Now, it is another matter that she might see in the activities of the lunatic fringe of the Sangh Parivar an undeclared dictatorship. But such activities were there even before the BJP-led government assumed office or when India crossed the nuclear Rubicon. In fact, there is no cause and effect relationship between possessing a nuclear bomb and being a dictatorship. The US, the UK, and France are nuclear but they are democracies (though Roy does not believe they are, especially the US, as we shall see later). In her analysis, causality is the first casualty. But Roy does not pause to ponder over the any causality or casualty, or the lack of it, she alludes to; she moves on to the maze of development economics. According to her,
We are a nation of nearly a billion people. In development terms we rank No. 138 out of the 175 countries listed in the UNDP’s Human Development Index. More than 400 million of our people are illiterate and live in absolute poverty, over 600 million lack even basic sanitation and over 200 million have no safe drinking water.

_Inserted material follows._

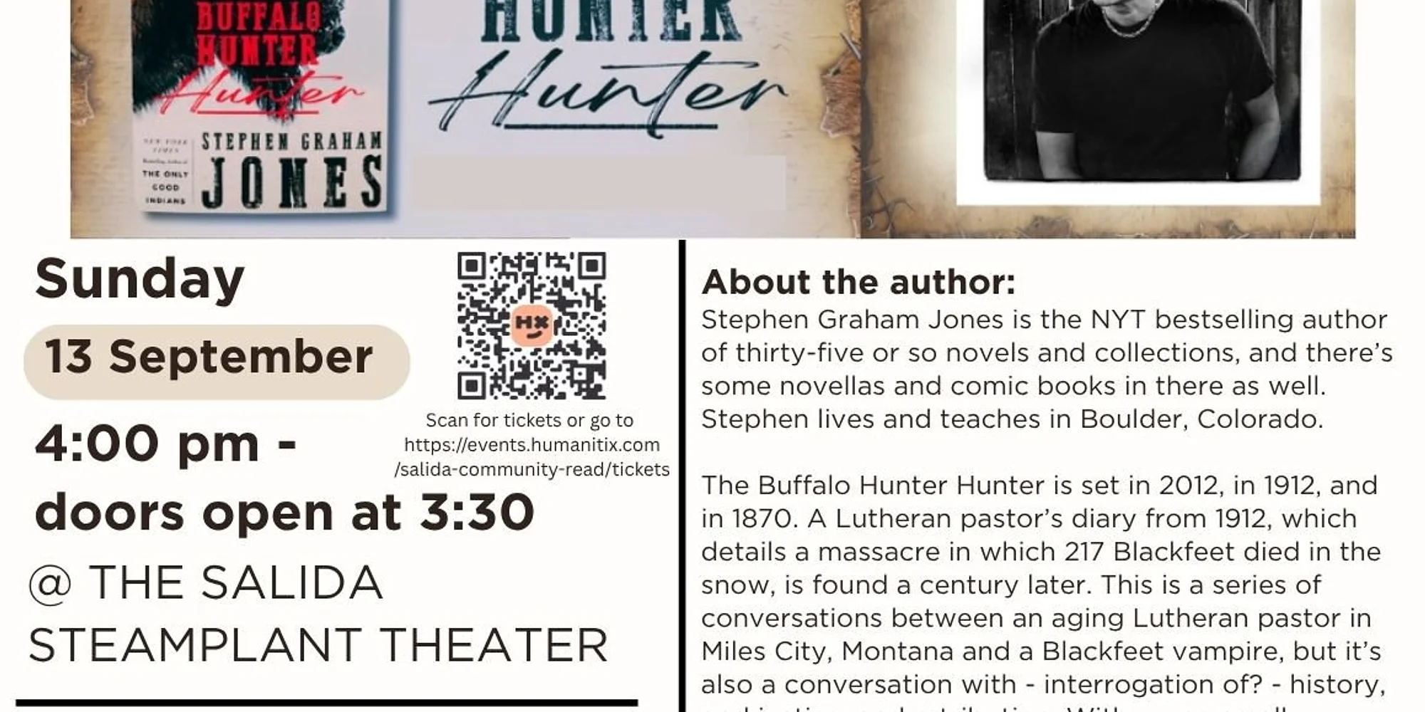 Salida's Community Read Author Talk and book signing with Stephen Graham Jones Book: The Buffalo Hunter Hunter Author Bio: Stephen Graham Jones is the NYT bestselling author of thirty-five or so novels and collections, and there’s some novellas and comic books in there as well. Stephen’s been an NEA recipient, has won the Texas Institute of Letters Award for Fiction, the Los Angeles Times Ray Bradbury Prize, the Mark Twain American Voice in Literature Award, the August Derleth British Fantasy Award for Best Horror Novel, the Independent Publishers Award for Multicultural Fiction, the Western Literature Association’s Distinguished Achievement Award, the American Library Association’s RUSA Award and Alex Award, the 2023 American Indian Festival of Words Writers Award, the Locus Award, four Bram Stoker Awards, three Shirley Jackson Awards, and six This is Horror Awards. Stephen’s also been inducted into the Texas Literary Hall of Fame, he’s been a finalist for the World Fantasy Award, and the Eisner Award, and he’s made Bloody Disgusting’s Top Ten Horror Novels, been a New York Times Book Club selection, and been on Barack Obama’s Summer Reading List. He’s the guy who wrote Mongrels, The Only Good Indians, My Heart is a Chainsaw,Earthdivers, I Was a Teenage Slasher, The Buffalo Hunter Hunter, and Killer on the Road. Stephen lives in Boulder, Colorado. Event Date: September 13, 2026 Doors open at 3:30, event begins at 4pm Free to register -- HERE Sponsored by Salida Regional Library and City of Salida Arts & Culture

It is true that in terms of human development India is a laggard; but this is not linked with the expenditure incurred on nuclear tests or with defence expenditure. It is infantile to assume that India would have made dramatic progress in human development had there been no nuclear tests. In the aftermath of the Cold War, there was considerable decline in defence expenditures in many important countries, but this did not cause any great increase in human development in the concerned countries; there was no “peace dividend,” as hoped for by peaceniks.
Before you could make any sense of the grandiloquent baloney she is uttering without any stop, she has moved on to the rarefied realms of Indology and political philosophy:
Whether or not there has ever been a single civilization that could call itself ‘Indian Civilization,’ whether or not India was, is, or ever will become a cohesive cultural entity, depends on whether you dwell on the differences or the similarities in the cultures of the people who have inhabited the subcontinent for centuries. India, as a modern nation state, was marked out with precise geographical boundaries, in their precise geographical way, by a British Act of Parliament in 1899. Our country, as we know it, was forged on the anvil of the British Empire for the entirely unsentimental reasons of commerce and administration. But even as she was born, she began her struggle against her creators. So is India Indian? It’s a tough question. Let’s just say that we’re an ancient people learning to live in a recent nation.
What is true is that India is an artificial State¾a State that was created by a government, not a people. A State created from the top down, not the bottom up. The majority of India’s citizens will not (to this day) be able to identify her boundaries on a map, or say which language is spoken where or which god is worshipped in what region. Most are too poor and too uneducated to have even an elementary idea of the extent and complexity of their own country. The impoverished, illiterate agrarian majority have no stake in the State. And indeed, why should they, how can they, when they don’t even know what the State is? To them, India is, at best, a noisy slogan that comes around during the elections. Or a montage of people on Government TV programmes wearing regional costumes and saying Mera Bharat Mahan.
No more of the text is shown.